Sunyata: The Poetics of Emptiness
Today, architectural practices are undergoing a change from the analogue techniques towards the absolute digital process, which entails a paradox. The ascendant usage of BIM methods and parametric technology at major schools of architecture and architectural studios changes the teaching approach, the practice and, on top of that, the core value of the architectural designs themselves.
In the epoch, where digital science touches upon and dictates almost every aspect of human life, the technologies have led us to a situation where the line between the mundane and the exceptional is reduced — where VR and the social media may connect people but at the same time separate them from the real experience of everyday environments. The question then arises: how can we retain and utilize the traditional building techniques and craftsmanship in the contemporary world we now live in?

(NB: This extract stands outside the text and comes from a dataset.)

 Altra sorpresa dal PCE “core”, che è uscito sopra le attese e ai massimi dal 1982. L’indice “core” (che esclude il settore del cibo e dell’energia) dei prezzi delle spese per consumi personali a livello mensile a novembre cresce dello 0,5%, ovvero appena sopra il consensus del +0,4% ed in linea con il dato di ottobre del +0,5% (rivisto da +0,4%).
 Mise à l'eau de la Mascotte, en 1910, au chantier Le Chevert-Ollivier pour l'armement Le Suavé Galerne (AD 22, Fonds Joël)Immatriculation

Architectural philosophy varies from one country to another, and even in between cities. More specifically for example, the Emptiness or void is a concept that is strongly rooted in Indonesian architecture.

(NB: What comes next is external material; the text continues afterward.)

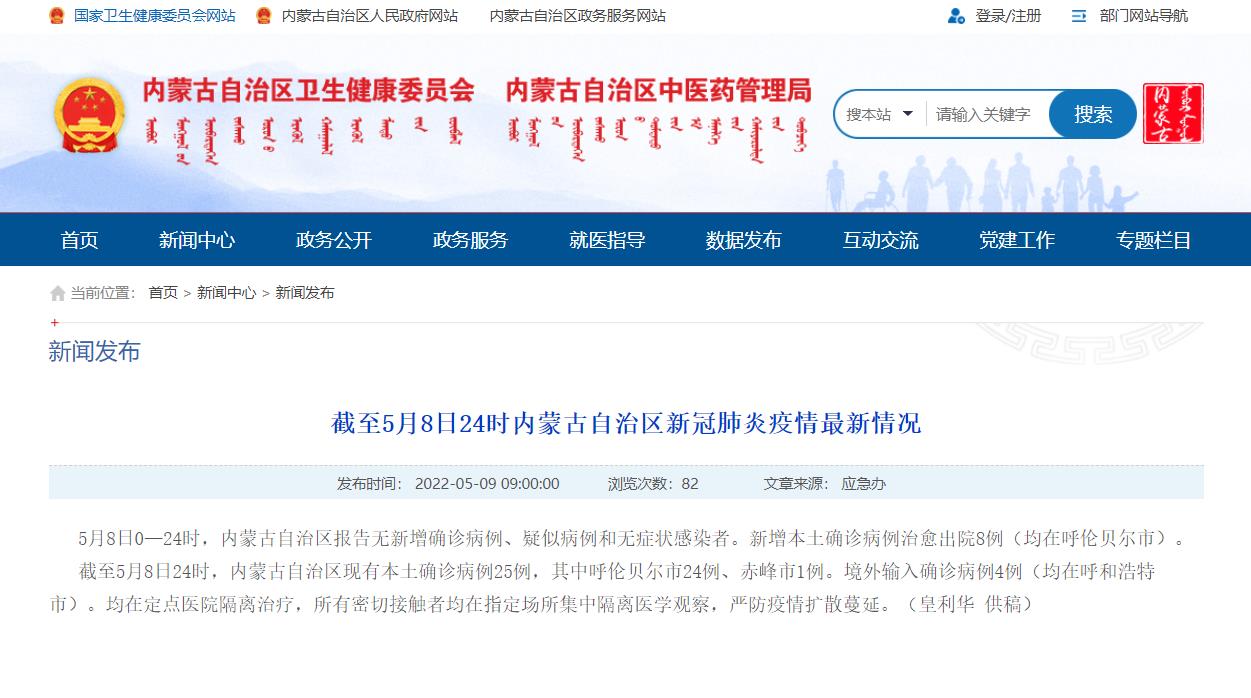 截至5月8日24時,內蒙古自治區現有本土確診病例25例,其中呼倫貝爾市24例、赤峰市1例。境外輸入確診病例4例(均在呼和浩特市)。均在定點醫院隔離治療,所有密切接觸者均在指定場所集中隔離醫學觀察,嚴防疫情擴散蔓延。

Presented at the Venice Biennale, The Indonesia Pavilion 2018 : Sunyata's intent was to use the potential in maintaining a certain design approach based on day-to-day architectural work throughout in Indonesia — where collaboration between the architects and the craftsmen is a constant practice.

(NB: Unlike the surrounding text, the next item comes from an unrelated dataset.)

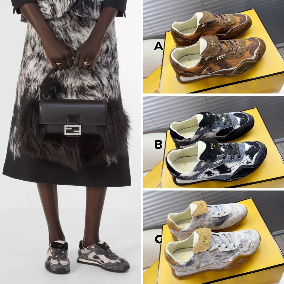 FENDI Wave Pulse繫帶低筒運動鞋👟秋冬新款❄️ 科技布料+潑墨設計🎨 色彩漸變超有層次感✨ 小牛皮翻摺鞋舌+金色FENDI標誌 復古又低調🖤 同色系管狀彈力鞋帶+魔術貼讓包裹感更自然👌 非常適合日常散步🚶♀️運動休閒🏃♂️情侶穿著💞

“Emptiness is understood as an active entity; a singularity that functions as a prominent agency in life and at the same time, it is an instrument to inject order in void without employing the grids.”
The manifesto of Sunyata: The Poetics of Emptiness, was to show construction practices in Indonesia today as well as formation of an architectural space by accepting the Emptiness as a cultural-based method, setting the spatial experience free from melancholy of grids and ocular centrism and leaving it open for imagination.
By eliminating typical constructional elements such as columns, walls and a roof, Sunyata embraced the site and gravity as a determining factor for creating form and space. This surrounding hence prepared the mind and the human senses to listen to the pre-recorded ambient sounds of Indonesia’s everyday life as part of the exhibition.
This giant space built a dialogue between human senses and the void, defining a meaning and inducing a particular quality of the space called Sunyata (from Sanskrit) or Emptiness.
The usage of paper, on a metaphorical level for this pavilion, meant to connect with the idea of constructing the Emptiness as a representation of a Freespace — the main theme of the 2018 Biennale.
Paper — as a material of its own qualities — shaped the objective, bearing that particular sense of nothingness. Where emptiness, in this case, is not a void or nothingness, but a quality that is present within that void. In other words — by controlling the scale, proportion and tactility, it built a dialogue between the space and the human body in the specific quality of space it interpreted.
“The void provokes an engagement between the space and the people.”
The elevated platform underneath the paper and the sweeping wavelike structure itself, vertically slicing the room into two, created a particular topographical state, where, visitors were not just spectators but their bodies were an ultimate tool to engage with the pavilion and experience it from being inside and being observed by others from the outside.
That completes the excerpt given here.